My favorite garden paths bend around corners, begging you to follow them to see what lies beyond. In my book, a great garden design practically forces you to continue exploring and nothing does that better than a path.
Paths define how intimate a space is by their width. A wide path, by its very nature, is more social and meant to be traversed with company. A narrow path tells you you will be one with the garden.
Wide and stable, this path is meant for a crowd. I picture a group gathered for a dinner party, cocktails in hand, traversing this path to head back to the house after having appetizers in a scenic spot on the property.
Gravel is a lovely choice for a path. It is easy to maintain and makes the most lovely crunching sound underfoot, but it can be hard to walk on. I think it should be reserved for paths that are meant to be walked on slowly, not rushed down. Cut gravel is better than pea gravel, which can actually feel a little slippery because it rolls around. Of course if you intend to have people walk barefoot on the path, then you have to go with pea gravel, lest you create a torture device for bare feet.
Some paths are made of unexpected materials. This one is slices of a tree.
|Los Angeles Times photo|
I love this wood path.
Some paths aren’t so much about the destination as they are about the path itself.
|Judy White/Gardenphotos.com photo|
This path isn’t even meant to be a path.
|Victoria Vasilieve photo|
Obviously I have a thing for paths, but I think my favorite of all paths are those over water. What could possibly be more fun?
Apartment Therapy photo
What does your perfect garden path look like?
Thanks for following me on instagram! I love garden paths as well!

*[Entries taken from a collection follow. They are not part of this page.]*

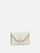 Portafoglio "Iside Trifold" Valextra in pelle di vitello Millepunte con struttura compatta e silhouette definita. La chiusura rettangolare in metallo lucido color oro chiaro costituisce il dettaglio di continuità della linea Iside. L'organizzazione interna prevede tre scompartimenti per carte con taglio a 'V', vano portabanconote e portamonete integrato con cerniera. Dettagli interni rifiniti a Inchiostro, bordatura nera laccata dipinta a mano secondo la tecnica Costa.
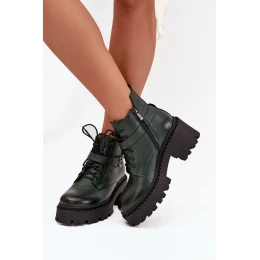 Kožené dámské boty na klínku s ozdobným páskem zateplené Zazoo 60557 tmavě zelené
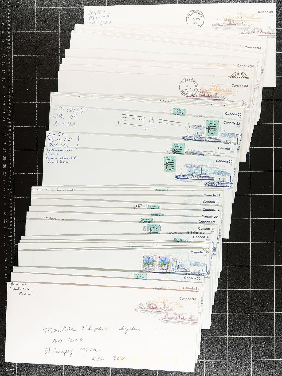 Manitoba Postal History / Postal Stationery. Group of roughly 230 postal stationery covers with Manitoba town postmarks, from years 1985-1986, paying first class domestic rates (including a few uprated covers). We note a variety of postmarks including cds, duplex, slogan, POCON types, Klussendorf, representing roughly 75 different towns including Grand Rapids, Pilot Mound, Moosehorn, Clearwater, Strathclair, Seven Sisters Falls, and more. Duplication up to 3 for a few towns, overall fine to very fine. Estimate =

I love the one with the river rocks, and the one with the mosses…..nice selections!(just followed you on pinterest too!
I'll follow you down any one of these garden paths, Erin. Thanks for the inspiration.
We have a flagstone path that runs from the sidewalk up to the front of the house, curving a bit at the top. This will be my second full summer in the house and I'm planning on softening the edges of it by creating a garden that hugs each side of the curve. I'm thinking boxwood for a bit of an edging with hostas and some groundovers behind.

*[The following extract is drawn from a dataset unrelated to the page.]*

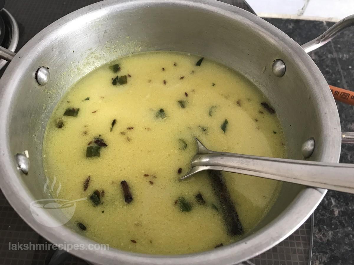 - अब कढ़ाई में पानी डालें और आंँच को मध्यम स्तर तक कम करके सामग्री को पकने दें।

what a great collection of images. The muscari path/river is always such a breathtaking scene.
Thank you for the path ideas,I have a load of Re-claimed hand made bricks from an old estate.Could not let them be thrown away.will send a pic. Richard of Norfolk. UK
I loved looking through the path photos. I am currently making a path through my bottom garden, using re-cycled post rails, and relocated volcanic rocks. Hard work but sooo rewarding at the end of each day, when I look back at what I have achieved. Not sure whether to leave the path in dirt or to cover it something. Any ideas?

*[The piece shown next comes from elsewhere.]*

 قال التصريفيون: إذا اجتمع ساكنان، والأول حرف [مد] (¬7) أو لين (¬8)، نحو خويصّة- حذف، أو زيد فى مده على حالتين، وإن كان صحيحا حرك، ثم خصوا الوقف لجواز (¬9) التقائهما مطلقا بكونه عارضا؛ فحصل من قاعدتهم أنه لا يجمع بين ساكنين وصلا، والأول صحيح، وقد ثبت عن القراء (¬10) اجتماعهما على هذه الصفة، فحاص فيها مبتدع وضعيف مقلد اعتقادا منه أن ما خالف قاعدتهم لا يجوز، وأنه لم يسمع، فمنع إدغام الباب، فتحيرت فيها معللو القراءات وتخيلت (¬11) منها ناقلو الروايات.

Some beautiful examples. I am linking to you in a post of my own on paths. 🙂
Beautiful, and inviting. Thank yoi
Duży szacunek dla ludzi, którzy potrafią,tak pięknie dbać o ogrody.
Absolutely love your website. I am looking forward to all your good ideas to come.
Hi Erin. I’ m new to your blog having just discovered you within the past few weeks. Love your videos and am anxious for Spring. In the meantime I’ll just have to take my inspiration from you and your garden. Thank you for your informative and entertaining videos.
waw your garden are so beautiful
Just looking at the pictures made m feel lighter and happy! Thanks
Beautiful! I adore garden paths, too! I have been gathering rocks for years for several projects…my husband thinks I’m crazy! 😀
Great article! Paths are often overlooked as a landscape feature, but they’re a neat way of adding a new dimension to the landscape and opening up new creative possibilities.
Love, love, love the wooden stump path! We are redoing our backyard and we told our landscape architect we want a path through our garden. I will definitely be referring back to this post.
I love winding walkways, preferably with greenery and flowering plants spilling over the edges. Is there a gravel/rock you would recommend that is easy on your bare feet (nobody around here bothers to put on shoes before flying out the door) if you don’t want to use stepping stones or pavers in conjunction with the gravel. Another issue I’ve had is the landscape crew, while blowing leaves off the walkways, blow half the gravel/rock along with the leaves into the flower beds. Drives me nuts! I’ve added some higher borders in some areas which has helped. Thanks.
You have an impeccable eye, as seen in this collection of marvelous pathways. It truly is the journey here that is important – not the destination.